* _Task instructions_:
An exact transcription of every entry is required, with the images left out.

START Record extracts

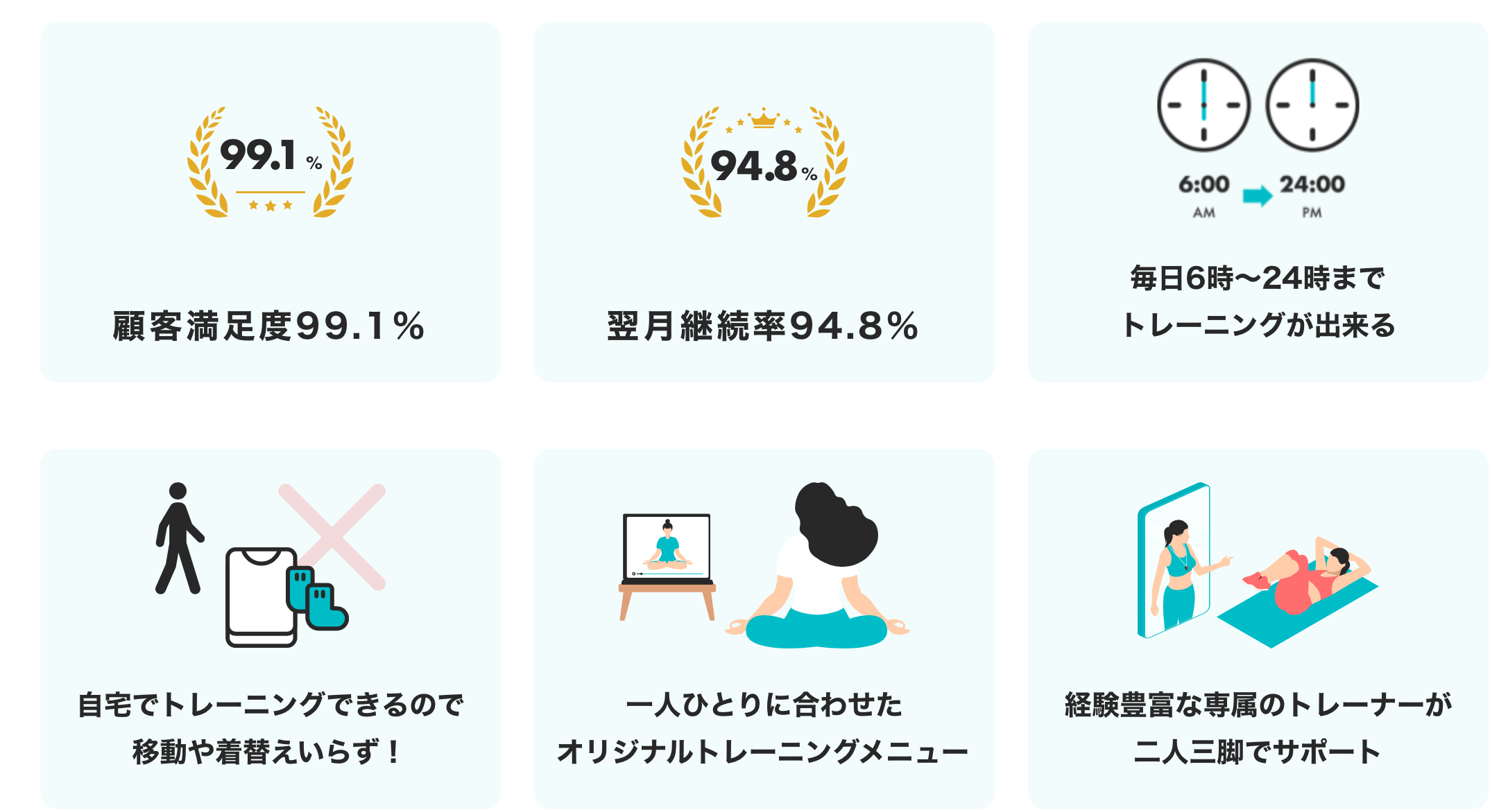 他のオンラインパーソナルサービスでは珍しい、充実の60分間無料体験が用意されています。まずはコストゼロで、プロの指導の質、ZENNAの続けやすさを体感してみてください。
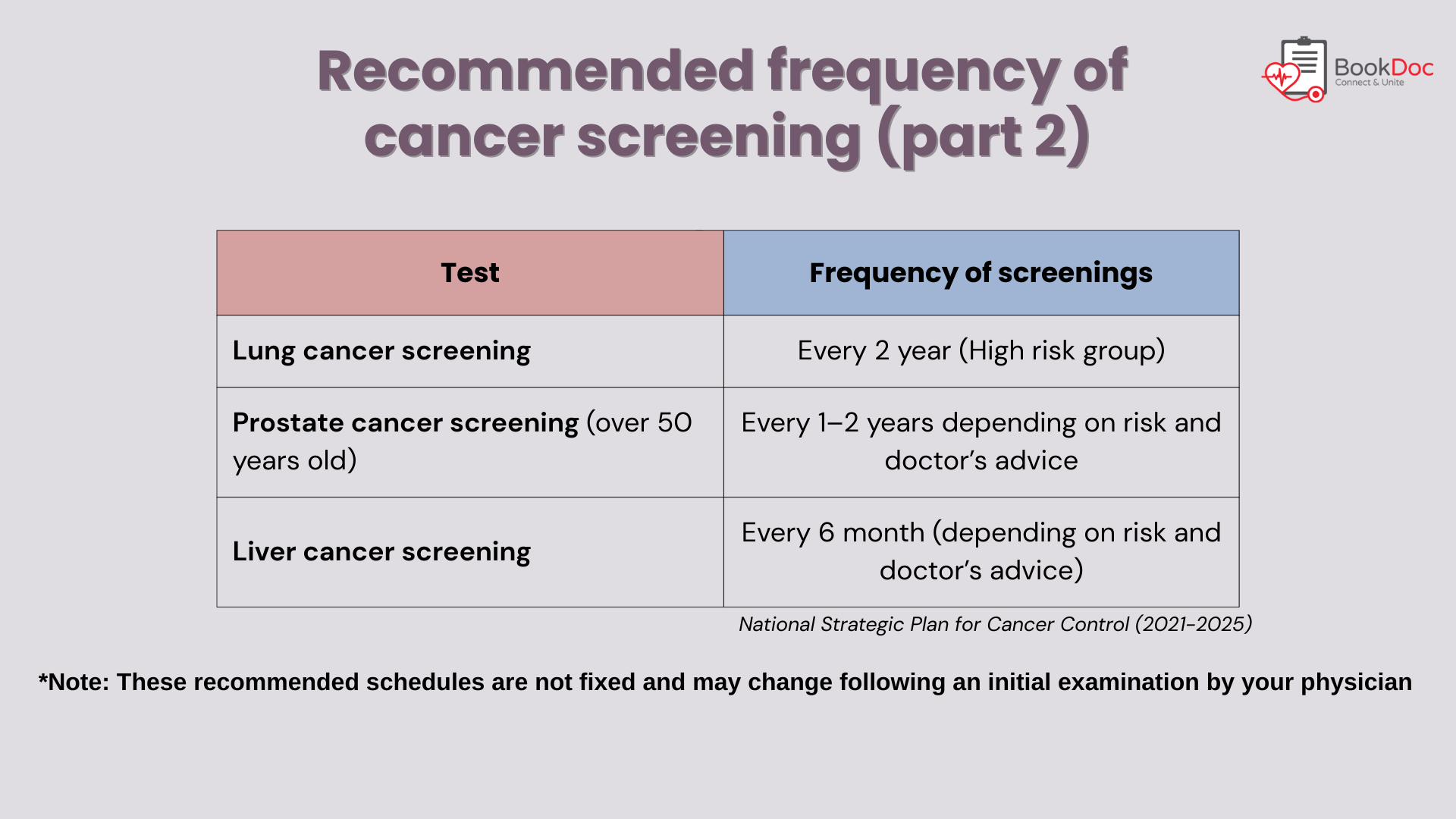 Screening recommendations differ by age, family history, and lifestyle, so it is always best to consult a healthcare professional.
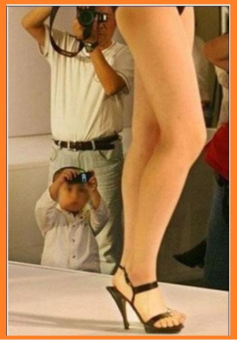 사진에는 무대 위 패션모델의 각선미에 눈을 떼지 못하고 사진을 찍는 남자와 남자아이의 모습을 담고 있다.
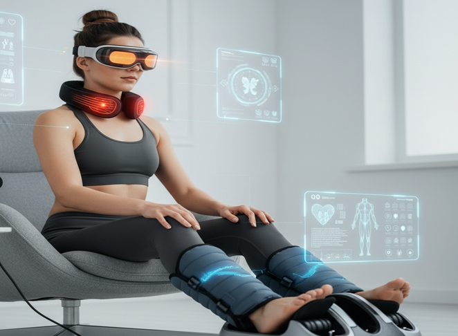 - Vantagens: A combinação de compressão (semelhante a uma massagem de drenagem linfática), rolamento e aquecimento melhora a circulação, reduz o inchaço e proporciona um relaxamento profundo.
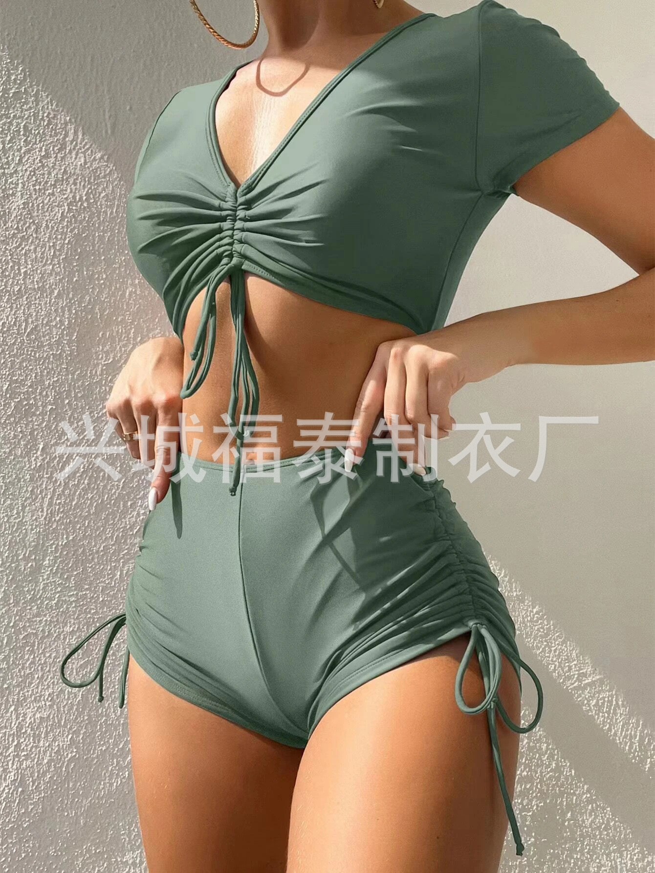 2024 국경 패션 반팔 여성 유럽과 미국 수영복 하이 엔드 섹시한 여성 투피스 수영복 세트 아마존
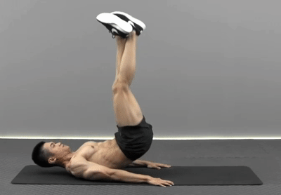 動作5:仰臥位でのレッグレイズ、メインエクササイズ:下腹部。
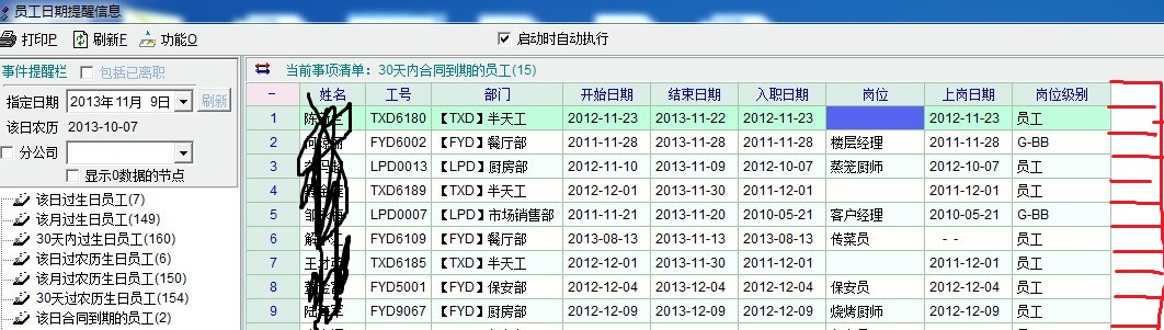 请官方在启动提醒的模块中,各项与员工有关的,增加员工岗位、部门、联系方式,便于直接导出,谢谢!!!!!!!!
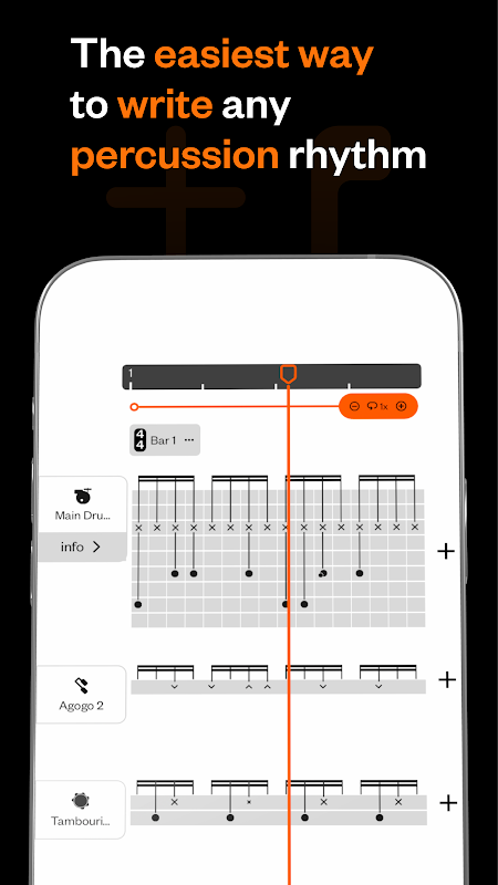 Drum Notes features an intuitive score creator, perfect for drumset and percussive genres like Samba, Marching Bands, Drumlines, Cuban percussion, and Drum grooves.

END Record extracts

* _Answer space_:
 他のオンラインパーソナルサービスでは珍しい、充実の60分間無料体験が用意されています。まずはコストゼロで、プロの指導の質、ZENNAの続けやすさを体感してみてください。
 Screening recommendations differ by age, family history, and lifestyle, so it is always best to consult a healthcare professional.
 사진에는 무대 위 패션모델의 각선미에 눈을 떼지 못하고 사진을 찍는 남자와 남자아이의 모습을 담고 있다.
 - Vantagens: A combinação de compressão (semelhante a uma massagem de drenagem linfática), rolamento e aquecimento melhora a circulação, reduz o inchaço e proporciona um relaxamento profundo.
 2024 국경 패션 반팔 여성 유럽과 미국 수영복 하이 엔드 섹시한 여성 투피스 수영복 세트 아마존
 動作5:仰臥位でのレッグレイズ、メインエクササイズ:下腹部。
 请官方在启动提醒的模块中,各项与员工有关的,增加员工岗位、部门、联系方式,便于直接导出,谢谢!!!!!!!!
 Drum Notes features an intuitive score creator, perfect for drumset and percussive genres like Samba, Marching Bands, Drumlines, Cuban percussion, and Drum grooves.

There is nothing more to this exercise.